As the LSD test output shows the difference between the means of all mixing techniques are significant (alpha=0.05), except the difference between mixing technique 1 and 3 (both of them have the same letter “b” in the output).
plot(anova_results,2)
By visually inspecting this plot, it seems that we have a normal distribution.
plot(anova_results,1)
This plot shows the residuals for each predicted tensile strength.
plot(stacked_dat$ind,stacked_dat$values)
This plot agrees with our conclusion in part c), where we concluded that the mean of all 4 mixing techniques are different except for mixing technique 1 and 3.
#reading data
cw15 <- c(7,7,15,11,9)
cw20 <- c(12,17,12,18,18)
cw25 <- c(14,19,19,18,18)
cw30 <- c(19,25,22,19,23)
cw35 <- c(7,10,11,15,11)
dat2 <- data.frame(cbind(cw15,cw20,cw25,cw30,cw35))
stacked_dat2 <- stack(dat2)
anova_results2 <- aov(values~ind,dat = stacked_dat2)#ANOVA
summary(anova_results2)
## Df Sum Sq Mean Sq F value Pr(>F)
## ind 4 475.8 118.94 14.76 9.13e-06 ***
## Residuals 20 161.2 8.06
## ---
## Signif. codes: 0 '***' 0.001 '**' 0.01 '*' 0.05 '.' 0.1 ' ' 1
library(agricolae)
lsd2 <- LSD.test(anova_results2,"ind")#LSD
print(lsd2)
## $statistics
## MSerror Df Mean CV t.value LSD
## 8.06 20 15.04 18.87642 2.085963 3.745452
##
## $parameters
## test p.ajusted name.t ntr alpha
## Fisher-LSD none ind 5 0.05
##
## $means
## values std r LCL UCL Min Max Q25 Q50 Q75
## cw15 9.8 3.346640 5 7.151566 12.44843 7 15 7 9 11
## cw20 15.4 3.130495 5 12.751566 18.04843 12 18 12 17 18
## cw25 17.6 2.073644 5 14.951566 20.24843 14 19 18 18 19
## cw30 21.6 2.607681 5 18.951566 24.24843 19 25 19 22 23
## cw35 10.8 2.863564 5 8.151566 13.44843 7 15 10 11 11
##
## $comparison
## NULL
##
## $groups
## values groups
## cw30 21.6 a
## cw25 17.6 b
## cw20 15.4 b
## cw35 10.8 c
## cw15 9.8 c
##
## attr(,"class")
## [1] "group"
These results show that cotton weight fo 25 and 20 and 35 and 15 have similar mean values, while every other combination results in a significance difference in means (alpha=0.05).
plot(anova_results2)
While, the normal plot shows a fairly normal distribution, these plots may not agree with the constant variance assumption. As it has been illustrated in the last graph, cotton weight of 15 might have a higher variance compared to other treatments.
power.anova.test(groups = 4,n = NULL,between.var = var(c(50,60,50,60)),within.var = 25,sig.level = 0.05,power = 0.9)
##
## Balanced one-way analysis of variance power calculation
##
## groups = 4
## n = 4.658128
## between.var = 33.33333
## within.var = 25
## sig.level = 0.05
## power = 0.9
##
## NOTE: n is number in each group
This power analysis test gave us a minimum n of 4.658128, which means that we need at least 5 observations.

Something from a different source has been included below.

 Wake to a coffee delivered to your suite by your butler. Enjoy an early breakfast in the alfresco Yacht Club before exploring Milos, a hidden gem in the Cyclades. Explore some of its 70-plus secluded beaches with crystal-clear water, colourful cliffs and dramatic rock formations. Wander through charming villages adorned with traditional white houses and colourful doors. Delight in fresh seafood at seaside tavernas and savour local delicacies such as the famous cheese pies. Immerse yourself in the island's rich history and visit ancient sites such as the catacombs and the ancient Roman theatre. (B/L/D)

power.anova.test(groups = 4,n = NULL,between.var = var(c(50,60,50,60)),within.var = 36,sig.level = 0.05,power = 0.9)
##
## Balanced one-way analysis of variance power calculation
##
## groups = 4
## n = 6.180885
## between.var = 33.33333
## within.var = 36
## sig.level = 0.05
## power = 0.9
##
## NOTE: n is number in each group
With a variance of 36, the number of required observations increases from 5 to 7.

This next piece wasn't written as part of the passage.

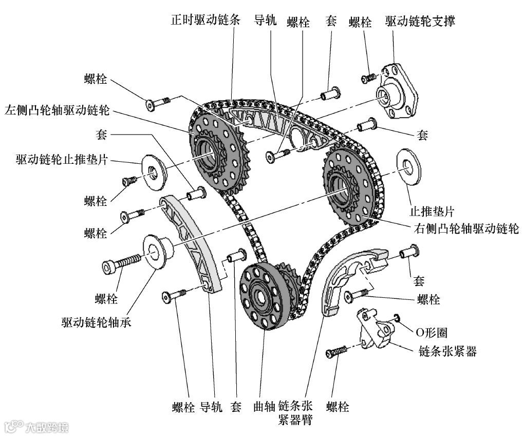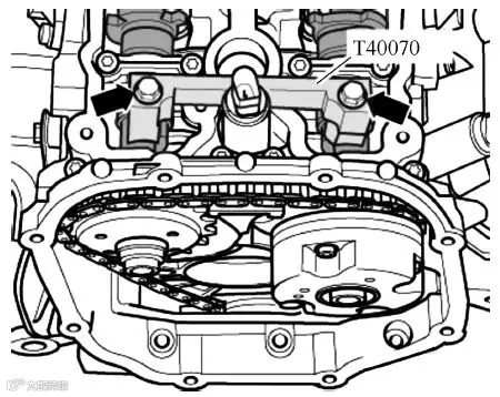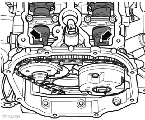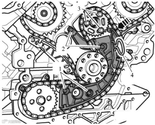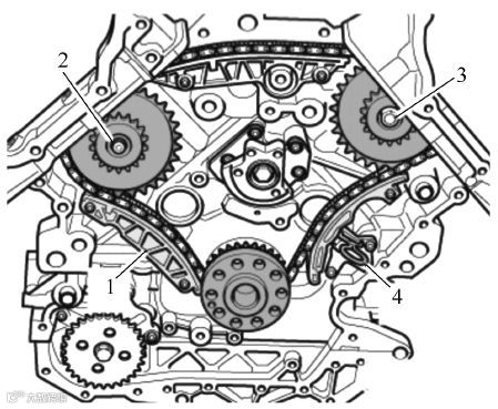 (10)按上述方法拆卸右侧凸轮轴正时链条。

power.anova.test(groups = 4,n = NULL,between.var = var(c(50,60,50,60)),within.var = 49,sig.level = 0.05,power = 0.9)
##
## Balanced one-way analysis of variance power calculation
##
## groups = 4
## n = 7.998751
## between.var = 33.33333
## within.var = 49
## sig.level = 0.05
## power = 0.9
##
## NOTE: n is number in each group
With the further increase of variance to 49, our required sample size increases to 8.
As the variance increases, the sample size increases with it.
These results show the importance of variance in sample size determination. It is crucial to either have a good idea about our variance by doing a preliminary study, looking at the data in the literature or at least have a good estimate of the expected variance to get a reasonable sample size.